╭─ Available data

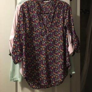 H&M (blue stripped, size 4), Lush (flowered, size xs), Zara Basic (pink stripped with white anchors, size xs), Candie's (light blue-beaded at the top, size small), Maurice's (green, size xs), Express (pink sweater with beads on shoulder, size xs). $25 for all. $6 each.
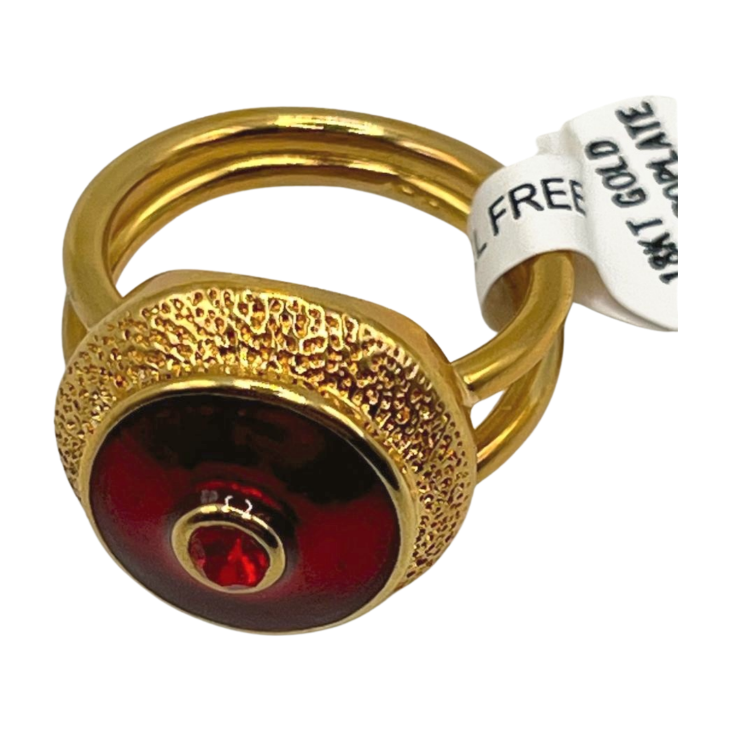 The King's Seal Red Enamel and 18K Gold Electroplated Dophin Ore Ring- Esther Rising
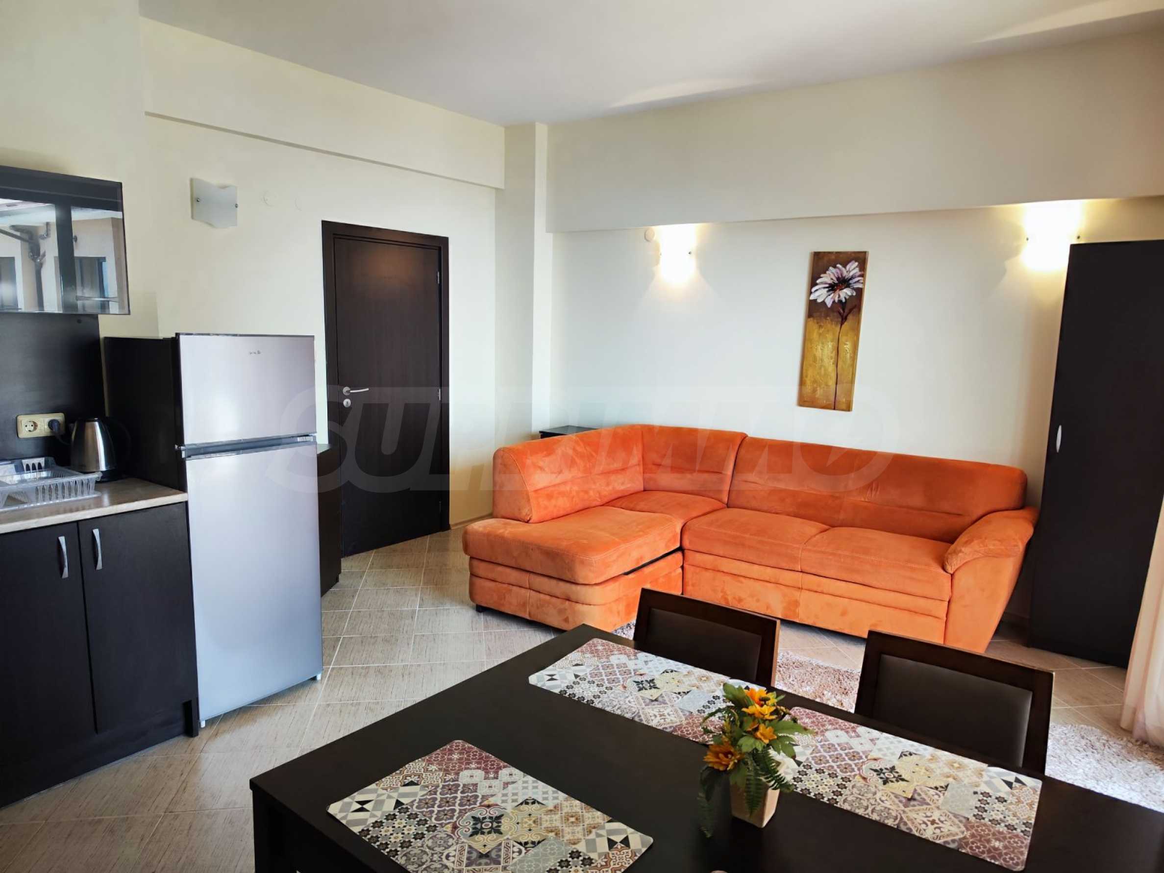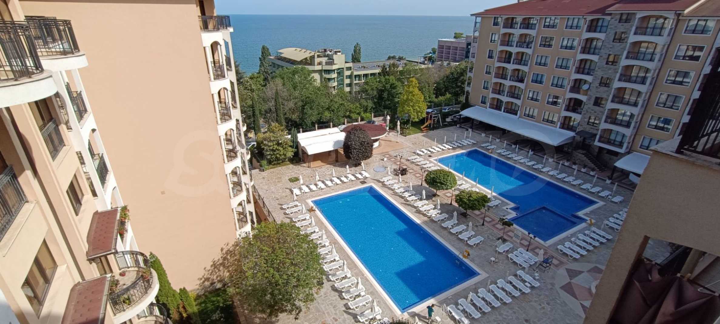Oferujemy na sprzedaż umeblowane mieszkanie jednopokojowe w elitarnym, strzeżonym kompleksie z basenem w kurorcie Złote Piaski.
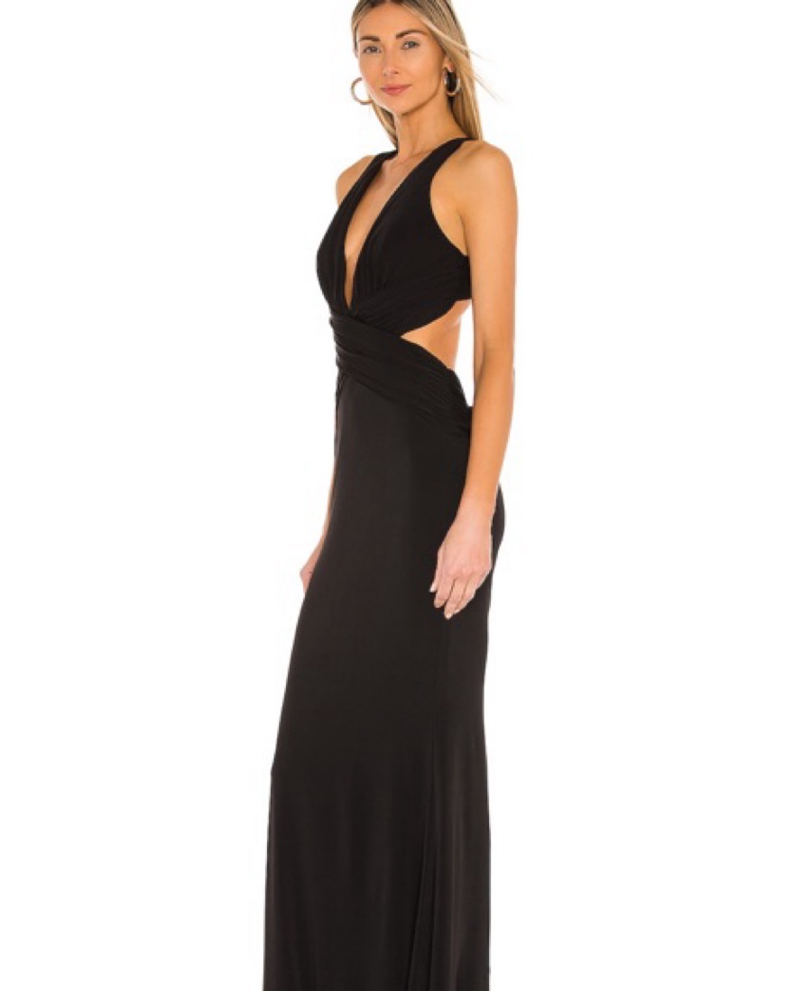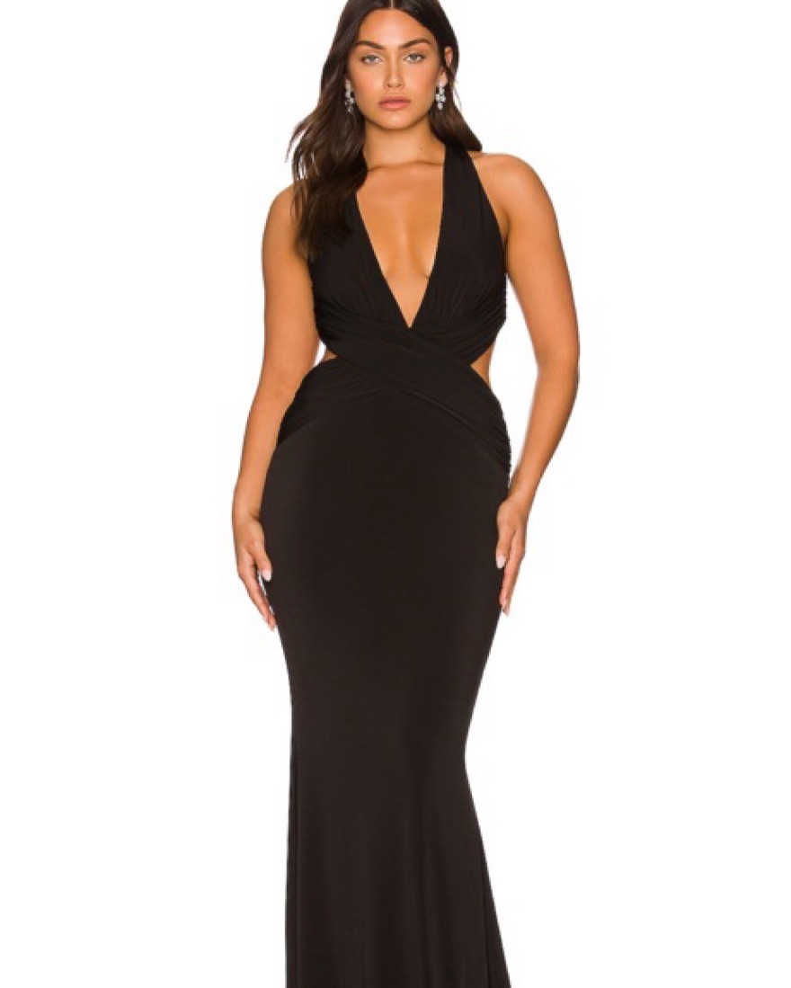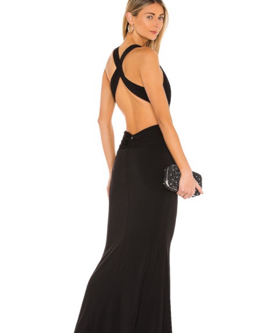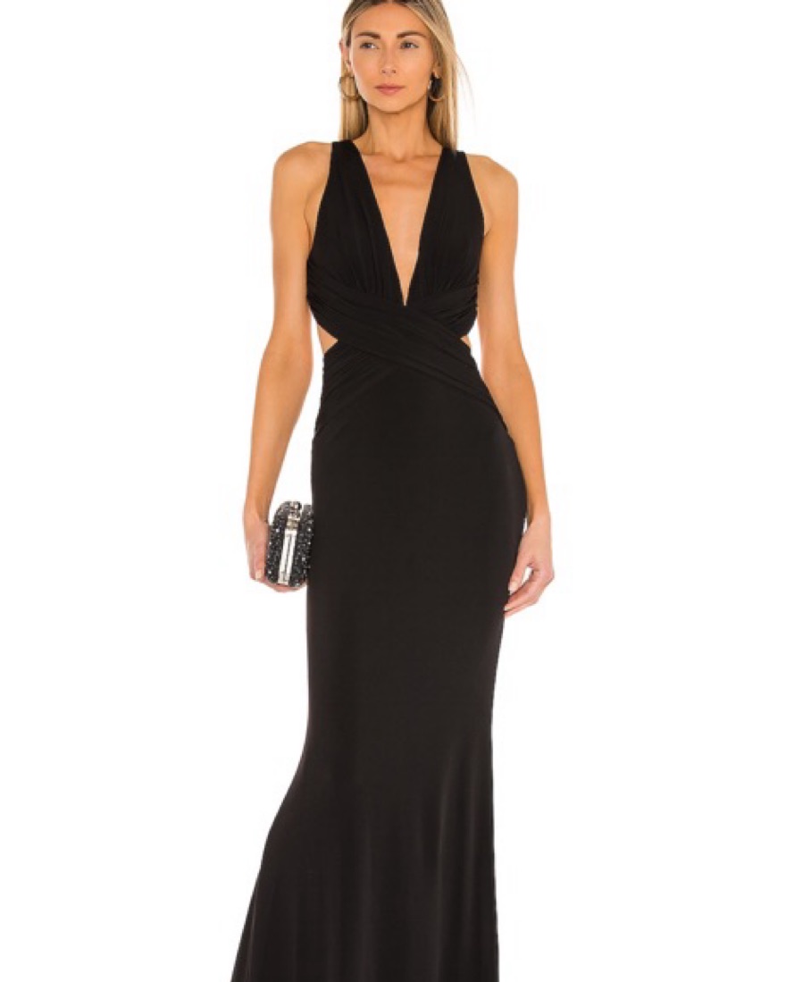 This dramatic black gown is perfect for a formal event, wedding or special occasion. Worn once to a wedding.
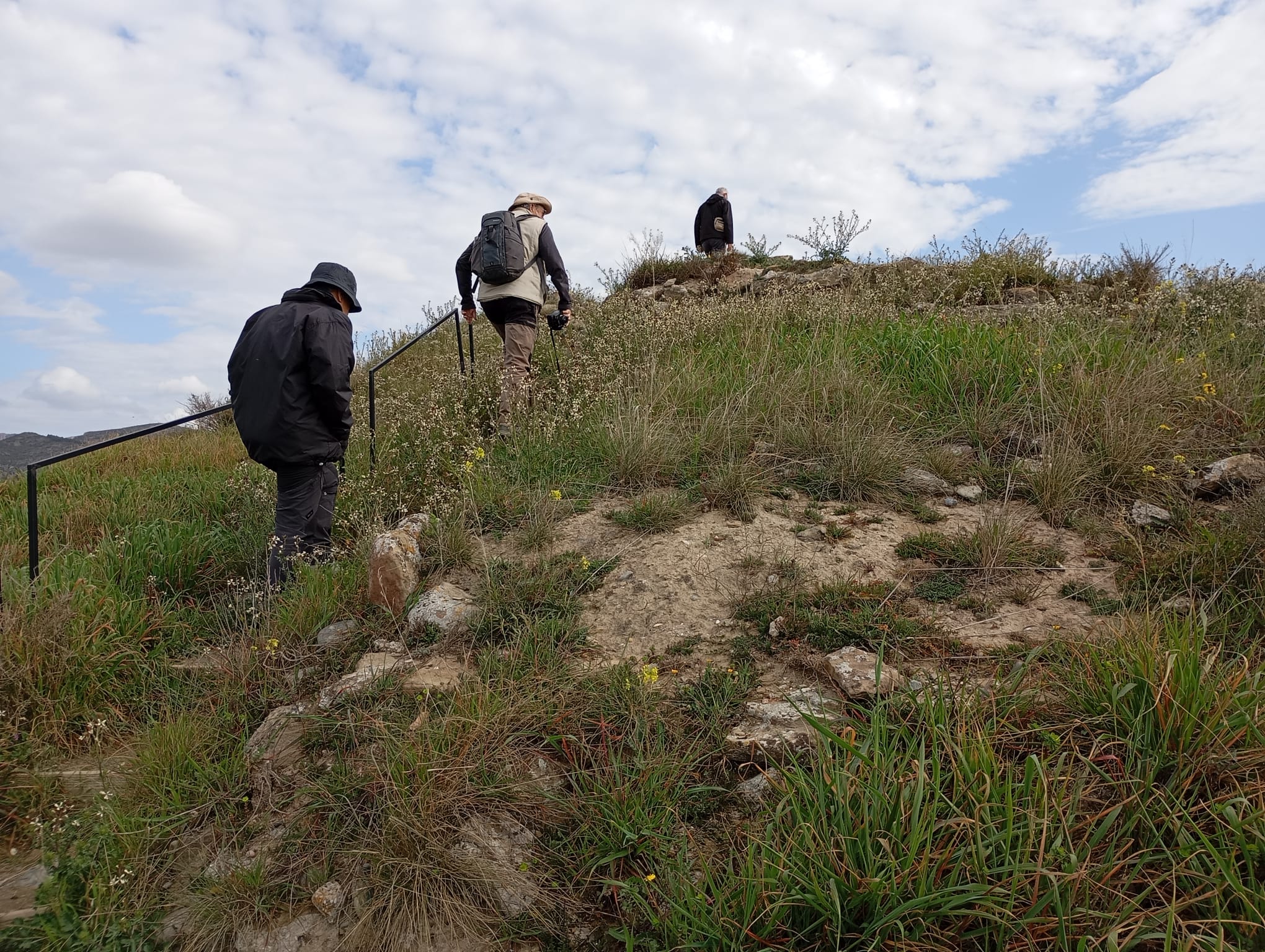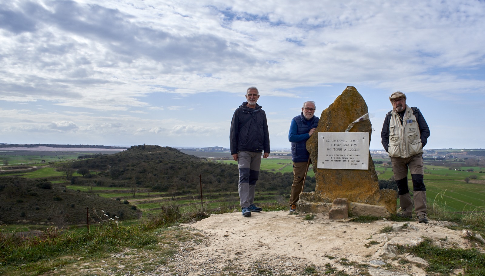 Després d’una aturada a la població de Sant Llorenç de Montgai, per saludar al pintor Lluc Blaya i al ceramista Jordi Rosell, Ramón Lladós i Josep Maria Font (fotografia), l’escultor Ramón Ruíz i Paco Castillo, van seguir camí fins el començament del camí de les trinxeres del turó que porta fins el cim (cota 305 del Tossal de Déu).
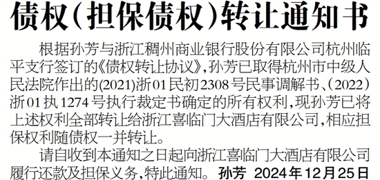 请自收到本通知之日起向浙江喜临门大酒店有限公司履行还款及担保义务,特此通知。 孙芳 2024年12月25日
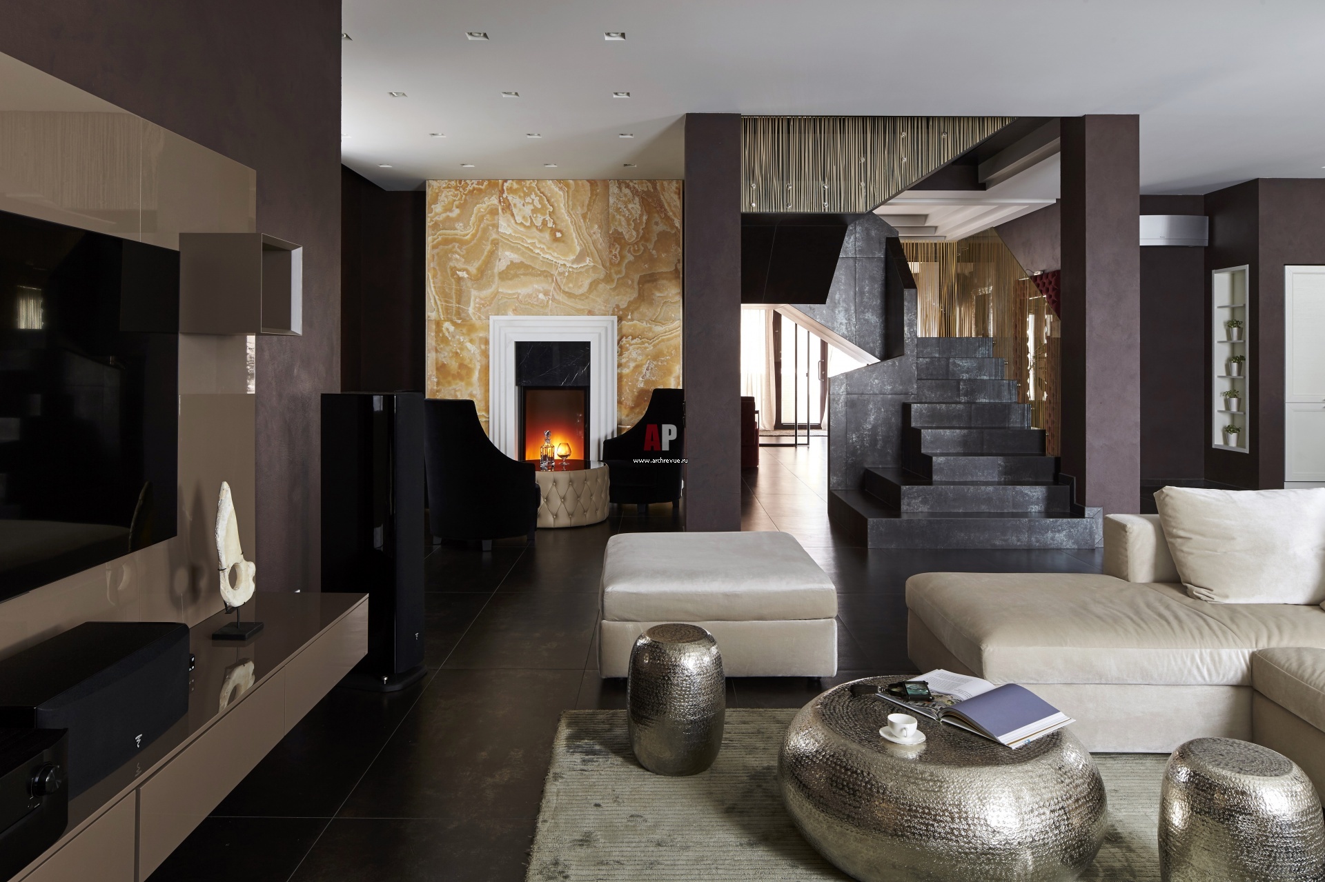 Портал камина – цельный слэб медового оникса на всю высоту помещения. Кресла у камина, Casamilano. Журнальный столик, DV homecollection.
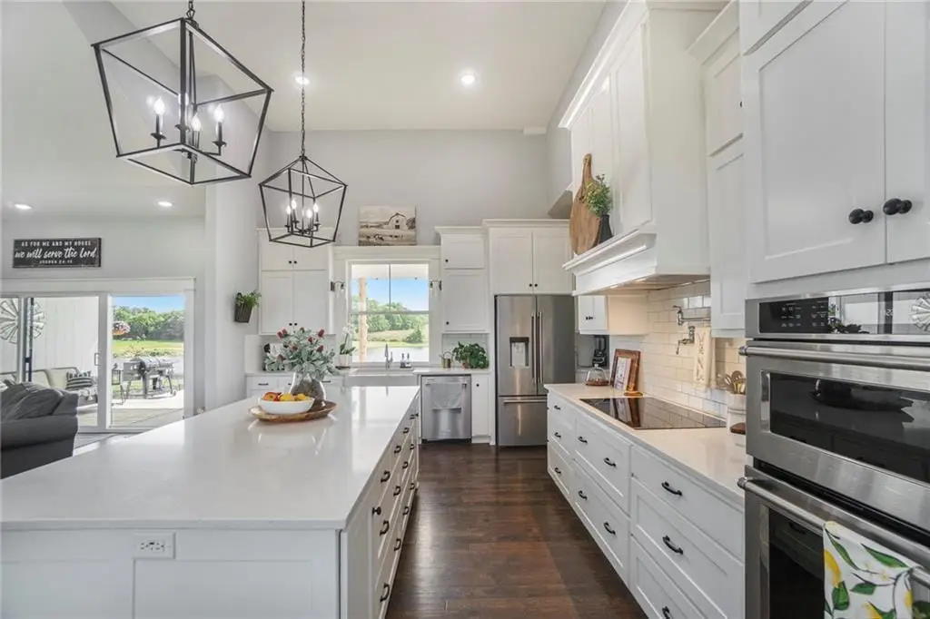 Welcome to your dream retreat! Nestled on just over 10 pristine acres with a private pond, this stunning custom-built home offers the perfect blend of luxury, comfort, and natural beauty! From the moment you pull into the drive, the charming front porch and serene setting set the tone for what awaits inside. Step through the front door into an open floor plan filled with soaring ceilings, walls of windows, and abundant natural light. The great room is the heart of the home, featuring a dramatic floor-to-ceiling stone fireplace flanked by built-ins, ideal for cozy evenings or large gatherings. The chef’s kitchen is a showstopper, designed with high-end finishes including a 9 island, quartz countertops and backsplash, farmhouse sink, pot filler, stainless steel appliances, coffee bar, double oven, and walk-in pantry. The kitchen flows seamlessly into the dining area, making entertaining effortless while overlooking breathtaking views of the pond and treed landscape. The main-level primary suite is a true retreat, offering a spa-like bathroom with soaking tub, walk-in shower, dual vanities, and an expansive walk-in closet. Also on the main floor are two additional bedrooms with a Jack-and-Jill bath, plus a convenient mudroom and laundry room located just off the suite. Upstairs, you’ll find a versatile bonus room, perfect for a home office, playroom, or creative space. The recently finished walkout lower level provides even more living space, complete with a large family room, kitchenette, full bath, fourth bedroom, and generous storage. Step outside to enjoy multiple outdoor living spaces, including an oversized patio with a hot tub that stays, perfect for relaxing, dining, or simply soaking in the sunsets over your private pond. Additional highlights include an oversized three-car garage with plenty of extra parking, and a location that offers peace and privacy while still being close to top-rated schools and conveniences. Schedule an apt for your dream home today!
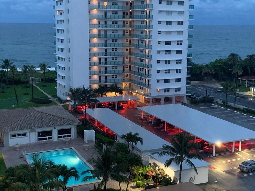 Opportunity Awaits You! 2/2 8th Floor Corner Unit w/ Balcony facing south with good views of the intercoastal & partial views of the Ocean looking out from your Balcony. Enjoy Western Sunsets every night as the west side of the unit has a bank of windows for your enjoyment. Windows on 3 sides of the unit. It does have impact windows sliding glass door but not entrance doors. It needs paint. There is a locker (#815) for your beach chairs in the Storage Area on the ground floor.
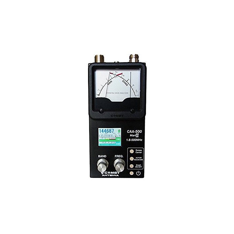 Den nya COMET CAA-500MarkII behåller den analoga skärmen och lägger till en fullfärgs TFT LCD-skärm som ger grafiska och numeriska SWR-värden tillsammans med total impedans med R och X-värden.

╰─

* Exercise aim: Could the lines from the top of the material through the line with "Портал камина –" be repeated exactly, pictures left out?

* Result of the exercise:
 H&M (blue stripped, size 4), Lush (flowered, size xs), Zara Basic (pink stripped with white anchors, size xs), Candie's (light blue-beaded at the top, size small), Maurice's (green, size xs), Express (pink sweater with beads on shoulder, size xs). $25 for all. $6 each.
 The King's Seal Red Enamel and 18K Gold Electroplated Dophin Ore Ring- Esther Rising
Oferujemy na sprzedaż umeblowane mieszkanie jednopokojowe w elitarnym, strzeżonym kompleksie z basenem w kurorcie Złote Piaski.
 This dramatic black gown is perfect for a formal event, wedding or special occasion. Worn once to a wedding.
 Després d’una aturada a la població de Sant Llorenç de Montgai, per saludar al pintor Lluc Blaya i al ceramista Jordi Rosell, Ramón Lladós i Josep Maria Font (fotografia), l’escultor Ramón Ruíz i Paco Castillo, van seguir camí fins el començament del camí de les trinxeres del turó que porta fins el cim (cota 305 del Tossal de Déu).
 请自收到本通知之日起向浙江喜临门大酒店有限公司履行还款及担保义务,特此通知。 孙芳 2024年12月25日
 Портал камина – цельный слэб медового оникса на всю высоту помещения. Кресла у камина, Casamilano. Журнальный столик, DV homecollection.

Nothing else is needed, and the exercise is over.